### WHAT YOU HAVE TO DO
From the first line to the last, give the records again exactly and skip the pictures.

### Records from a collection
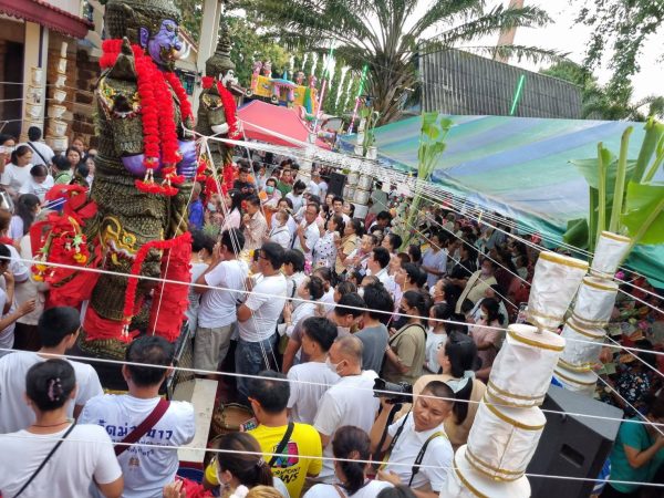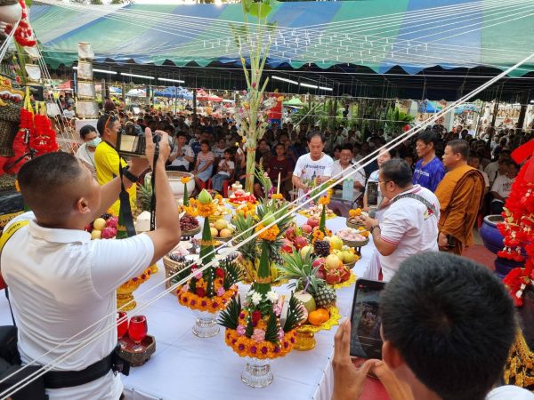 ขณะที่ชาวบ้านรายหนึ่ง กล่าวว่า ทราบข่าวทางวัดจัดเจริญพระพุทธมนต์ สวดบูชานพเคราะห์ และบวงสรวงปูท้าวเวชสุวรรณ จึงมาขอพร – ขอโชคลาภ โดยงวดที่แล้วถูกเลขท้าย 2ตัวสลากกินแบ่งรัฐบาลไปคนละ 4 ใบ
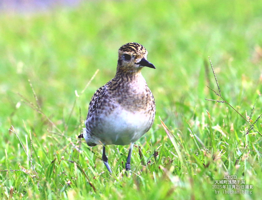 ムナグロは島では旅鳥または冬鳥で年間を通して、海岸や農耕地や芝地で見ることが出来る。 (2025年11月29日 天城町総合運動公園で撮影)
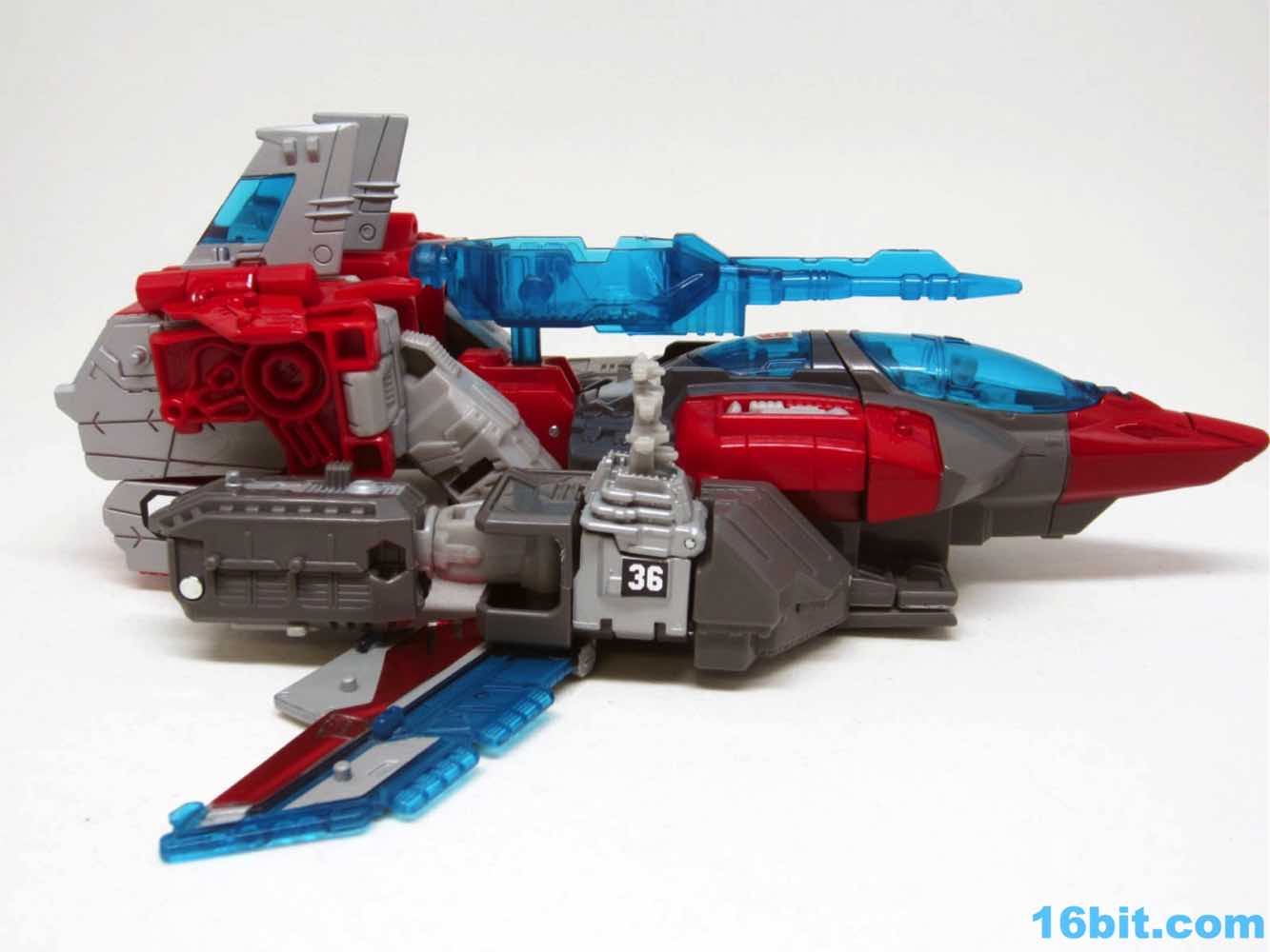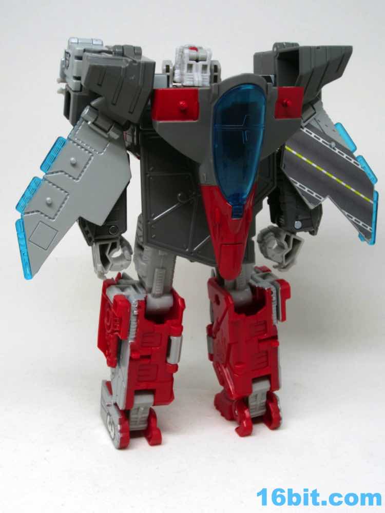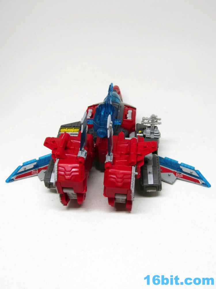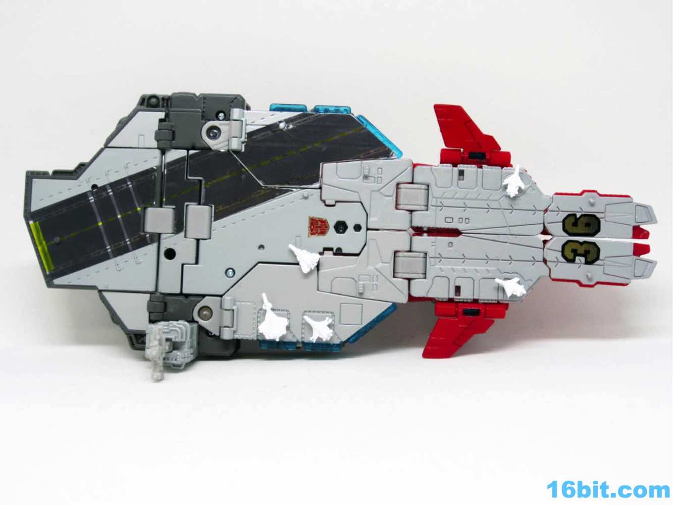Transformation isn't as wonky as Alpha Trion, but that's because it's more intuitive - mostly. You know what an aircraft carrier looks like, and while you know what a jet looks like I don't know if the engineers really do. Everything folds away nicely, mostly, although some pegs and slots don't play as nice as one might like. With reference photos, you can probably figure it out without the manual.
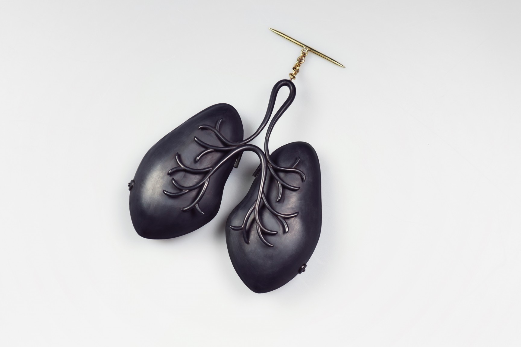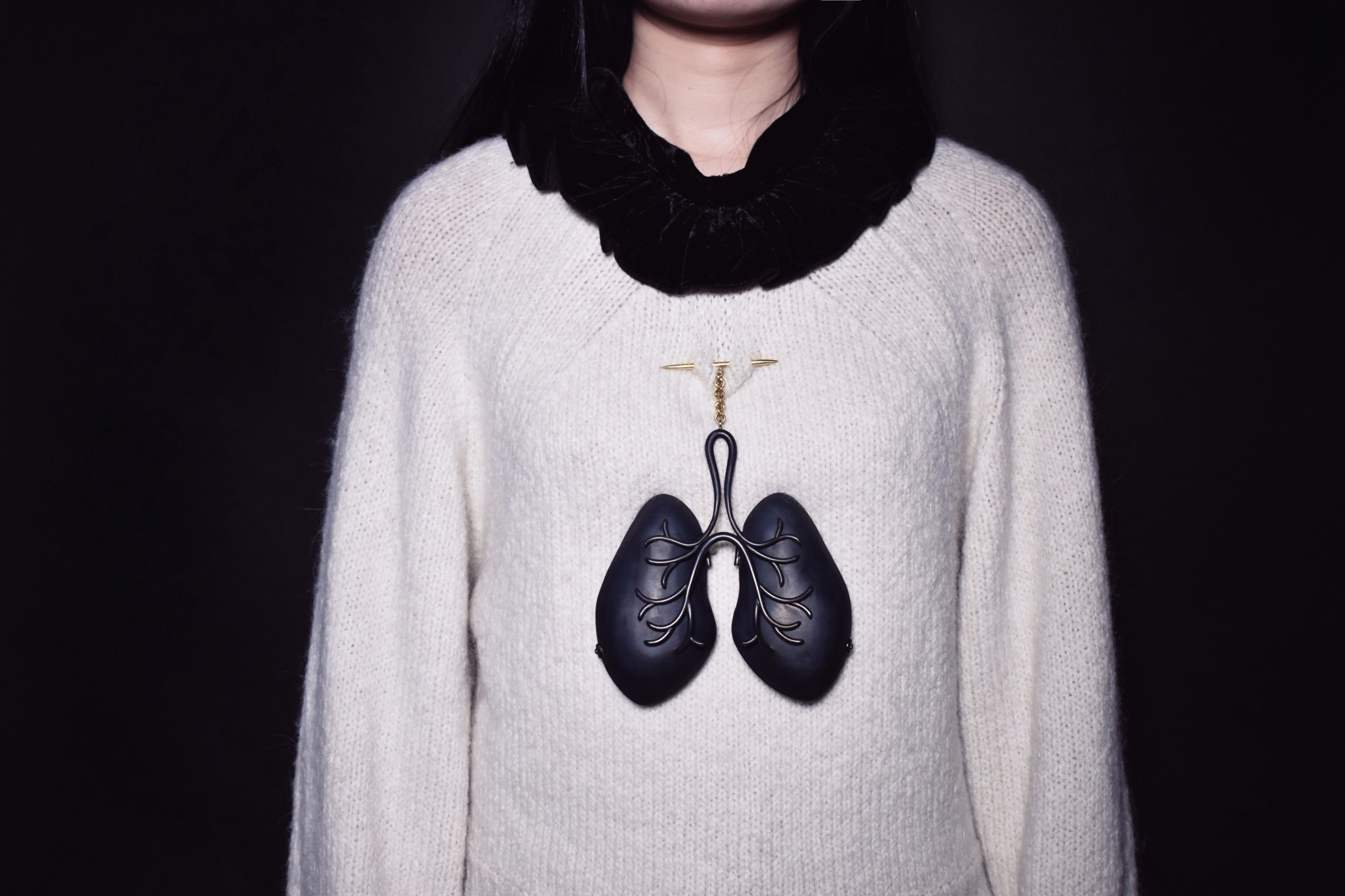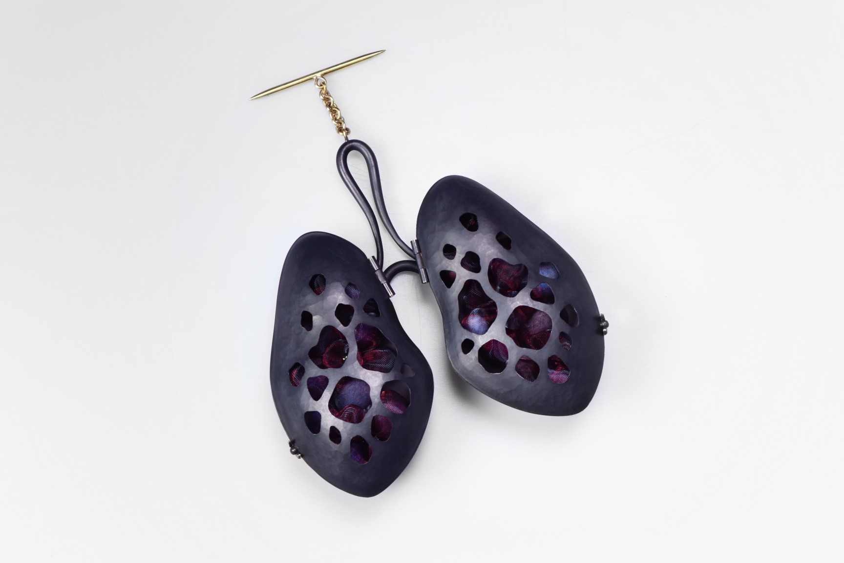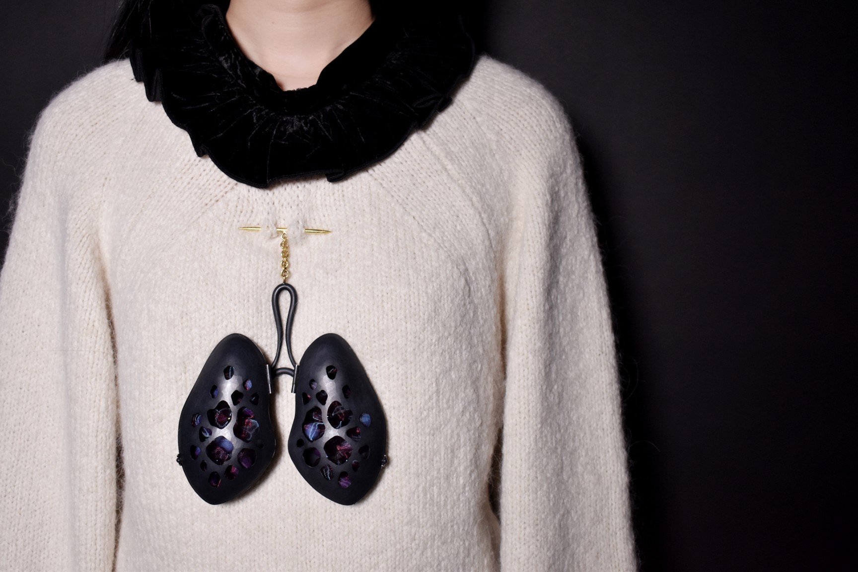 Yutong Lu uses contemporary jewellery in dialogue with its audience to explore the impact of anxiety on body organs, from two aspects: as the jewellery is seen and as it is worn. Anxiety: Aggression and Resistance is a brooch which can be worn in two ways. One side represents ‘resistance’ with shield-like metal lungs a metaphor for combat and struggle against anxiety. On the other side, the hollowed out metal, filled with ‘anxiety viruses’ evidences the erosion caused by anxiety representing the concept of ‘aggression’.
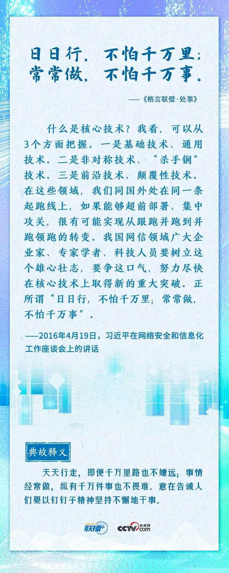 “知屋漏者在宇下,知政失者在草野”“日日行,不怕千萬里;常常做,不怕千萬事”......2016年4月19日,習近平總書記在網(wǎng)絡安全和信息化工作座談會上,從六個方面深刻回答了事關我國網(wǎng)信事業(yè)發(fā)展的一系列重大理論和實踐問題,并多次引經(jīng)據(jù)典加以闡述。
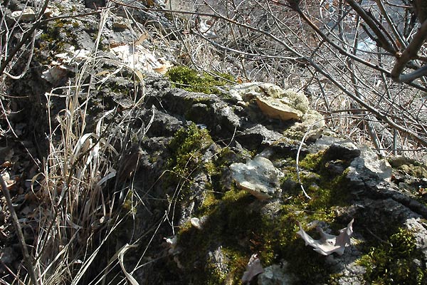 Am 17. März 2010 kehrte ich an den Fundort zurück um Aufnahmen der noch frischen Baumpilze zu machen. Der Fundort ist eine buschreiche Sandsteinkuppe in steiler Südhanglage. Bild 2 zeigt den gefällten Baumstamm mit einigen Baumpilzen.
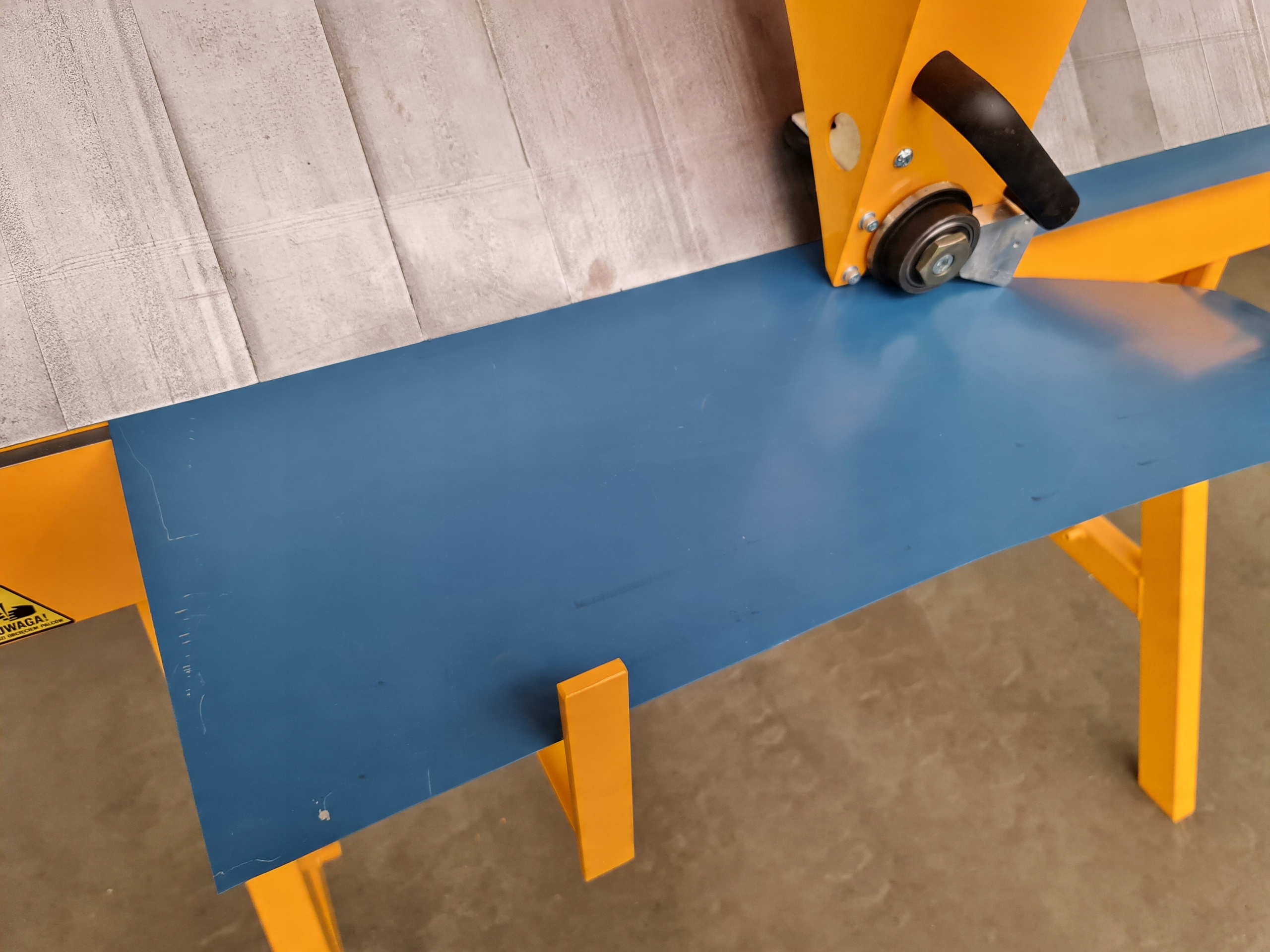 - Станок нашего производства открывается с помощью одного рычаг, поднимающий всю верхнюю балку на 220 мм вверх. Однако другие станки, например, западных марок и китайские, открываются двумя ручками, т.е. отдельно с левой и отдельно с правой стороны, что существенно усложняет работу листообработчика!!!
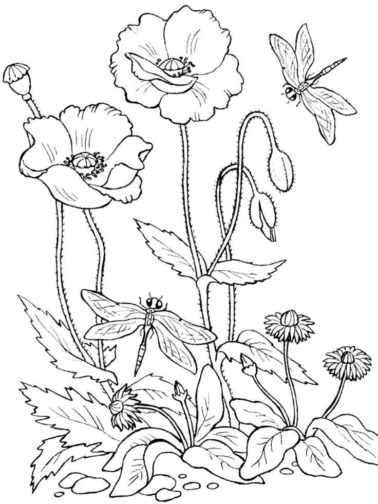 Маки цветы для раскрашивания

### OUTPUT
 ขณะที่ชาวบ้านรายหนึ่ง กล่าวว่า ทราบข่าวทางวัดจัดเจริญพระพุทธมนต์ สวดบูชานพเคราะห์ และบวงสรวงปูท้าวเวชสุวรรณ จึงมาขอพร – ขอโชคลาภ โดยงวดที่แล้วถูกเลขท้าย 2ตัวสลากกินแบ่งรัฐบาลไปคนละ 4 ใบ
 ムナグロは島では旅鳥または冬鳥で年間を通して、海岸や農耕地や芝地で見ることが出来る。 (2025年11月29日 天城町総合運動公園で撮影)
Transformation isn't as wonky as Alpha Trion, but that's because it's more intuitive - mostly. You know what an aircraft carrier looks like, and while you know what a jet looks like I don't know if the engineers really do. Everything folds away nicely, mostly, although some pegs and slots don't play as nice as one might like. With reference photos, you can probably figure it out without the manual.
 Yutong Lu uses contemporary jewellery in dialogue with its audience to explore the impact of anxiety on body organs, from two aspects: as the jewellery is seen and as it is worn. Anxiety: Aggression and Resistance is a brooch which can be worn in two ways. One side represents ‘resistance’ with shield-like metal lungs a metaphor for combat and struggle against anxiety. On the other side, the hollowed out metal, filled with ‘anxiety viruses’ evidences the erosion caused by anxiety representing the concept of ‘aggression’.
 “知屋漏者在宇下,知政失者在草野”“日日行,不怕千萬里;常常做,不怕千萬事”......2016年4月19日,習近平總書記在網(wǎng)絡安全和信息化工作座談會上,從六個方面深刻回答了事關我國網(wǎng)信事業(yè)發(fā)展的一系列重大理論和實踐問題,并多次引經(jīng)據(jù)典加以闡述。
 Am 17. März 2010 kehrte ich an den Fundort zurück um Aufnahmen der noch frischen Baumpilze zu machen. Der Fundort ist eine buschreiche Sandsteinkuppe in steiler Südhanglage. Bild 2 zeigt den gefällten Baumstamm mit einigen Baumpilzen.
 - Станок нашего производства открывается с помощью одного рычаг, поднимающий всю верхнюю балку на 220 мм вверх. Однако другие станки, например, западных марок и китайские, открываются двумя ручками, т.е. отдельно с левой и отдельно с правой стороны, что существенно усложняет работу листообработчика!!!
 Маки цветы для раскрашивания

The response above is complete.